▶ [Input data]:

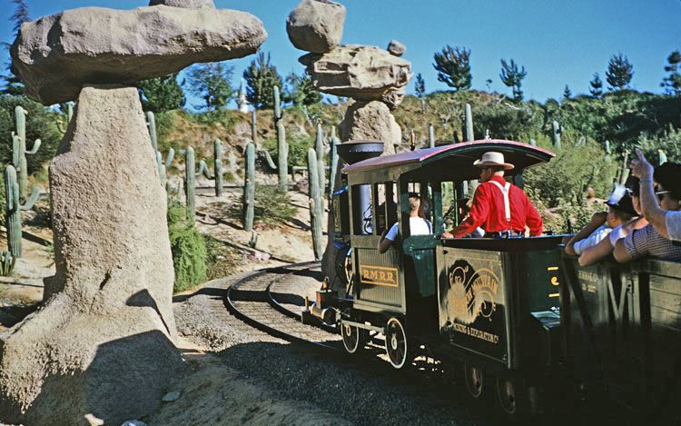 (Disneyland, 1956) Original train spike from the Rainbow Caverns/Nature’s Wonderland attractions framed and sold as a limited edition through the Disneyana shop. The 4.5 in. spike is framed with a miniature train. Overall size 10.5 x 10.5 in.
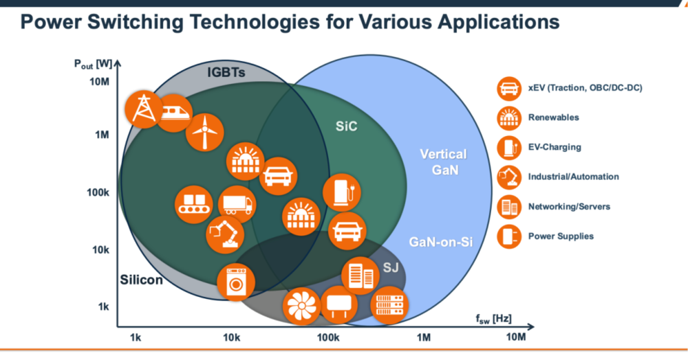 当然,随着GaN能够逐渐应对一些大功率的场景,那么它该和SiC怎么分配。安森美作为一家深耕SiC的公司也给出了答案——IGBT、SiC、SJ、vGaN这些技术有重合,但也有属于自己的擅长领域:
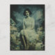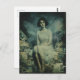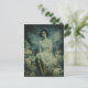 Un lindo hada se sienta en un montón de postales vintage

▶ [What is expected]:
Where the line containing "当然,随着GaN能够逐渐应对" appears, begin writing out the lines word for word, and continue through the last line of the data, leaving out pictures.

▶ [Expected answer]:
 当然,随着GaN能够逐渐应对一些大功率的场景,那么它该和SiC怎么分配。安森美作为一家深耕SiC的公司也给出了答案——IGBT、SiC、SJ、vGaN这些技术有重合,但也有属于自己的擅长领域:
 Un lindo hada se sienta en un montón de postales vintage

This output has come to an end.